WHAT TO PRODUCE: In the copy of the lines below, leave out pictures and print everything else exactly.

(DATA EXTRACT Opens)

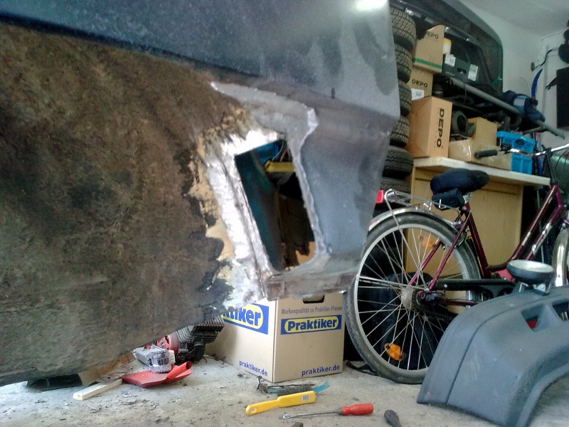 Autsch! Da haste ja noch was vor. Am besten gleich das ganze Heckblech wechseln. Bis Du da mit Flicken fertig wirst kannste in Rente gehen :wink: . Zumindest, wenns gut ausschauen soll^^.
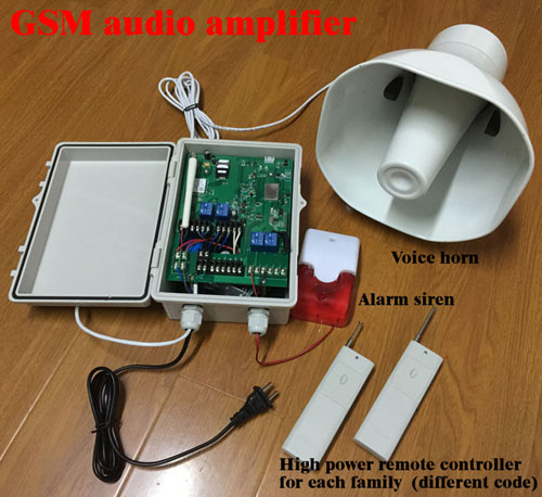 GSM-Horn Alarm controller is best designed for neighbor safety,community safety and also it can be used for community propaganda. When any emergency things happen, can call the controller with large horn speakers to help deter criminals. Every family has one remoter for emergency help and trigger the Siren/Strobe with light.
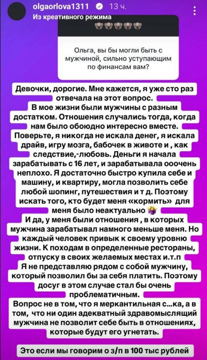 Ксения Бородина собирается замуж за 36-летнего блогера Николая Сердюкова. Не секрет, что он зарабатывает в разы меньше, чем его спутница. Аудитория уверена, что молодой человек имеет корыстные мотивы, но сама Бородина отказывается в это верить. Что касается Ольги Орловой, то она дала однозначный ответ о том, смогла бы встречаться с мужчиной, который зарабатывает меньше. Ольга призналась, что у нее был такой опыт в жизни. Однако мириться с тем, что мужчина позволяет ей платить за себя во время отдыха и путешествий, она не стала. «Вопрос не в том, что я меркантильная, а в том, что ни один адекватный здравомыслящий мужчина не позволит себе быть в отношениях, которые будут его угнетать. Это если мы говорим о з/п в 100 тысяч рублей», — высказалась телеведущая (орфография и пунктуация авторов здесь и далее даны без изменений. — Прим. ред.). Скриншот из блога Ольги Орловой. Фото: соцсети/ @olgaorlova1311 Отметим, что несколько лет Орлова состоит в браке с бизнесменом Валерием Масловым. Зарабо
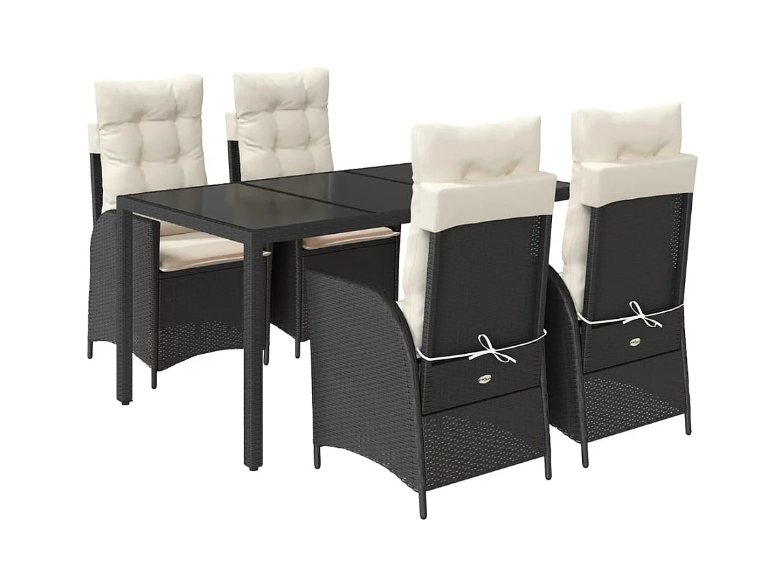 Ensemble à manger de jardin coussins 5pcs Noir Résine tressée

(DATA EXTRACT Closes)

TASK SOLUTION:
 Autsch! Da haste ja noch was vor. Am besten gleich das ganze Heckblech wechseln. Bis Du da mit Flicken fertig wirst kannste in Rente gehen :wink: . Zumindest, wenns gut ausschauen soll^^.
 GSM-Horn Alarm controller is best designed for neighbor safety,community safety and also it can be used for community propaganda. When any emergency things happen, can call the controller with large horn speakers to help deter criminals. Every family has one remoter for emergency help and trigger the Siren/Strobe with light.
 Ксения Бородина собирается замуж за 36-летнего блогера Николая Сердюкова. Не секрет, что он зарабатывает в разы меньше, чем его спутница. Аудитория уверена, что молодой человек имеет корыстные мотивы, но сама Бородина отказывается в это верить. Что касается Ольги Орловой, то она дала однозначный ответ о том, смогла бы встречаться с мужчиной, который зарабатывает меньше. Ольга призналась, что у нее был такой опыт в жизни. Однако мириться с тем, что мужчина позволяет ей платить за себя во время отдыха и путешествий, она не стала. «Вопрос не в том, что я меркантильная, а в том, что ни один адекватный здравомыслящий мужчина не позволит себе быть в отношениях, которые будут его угнетать. Это если мы говорим о з/п в 100 тысяч рублей», — высказалась телеведущая (орфография и пунктуация авторов здесь и далее даны без изменений. — Прим. ред.). Скриншот из блога Ольги Орловой. Фото: соцсети/ @olgaorlova1311 Отметим, что несколько лет Орлова состоит в браке с бизнесменом Валерием Масловым. Зарабо
 Ensemble à manger de jardin coussins 5pcs Noir Résine tressée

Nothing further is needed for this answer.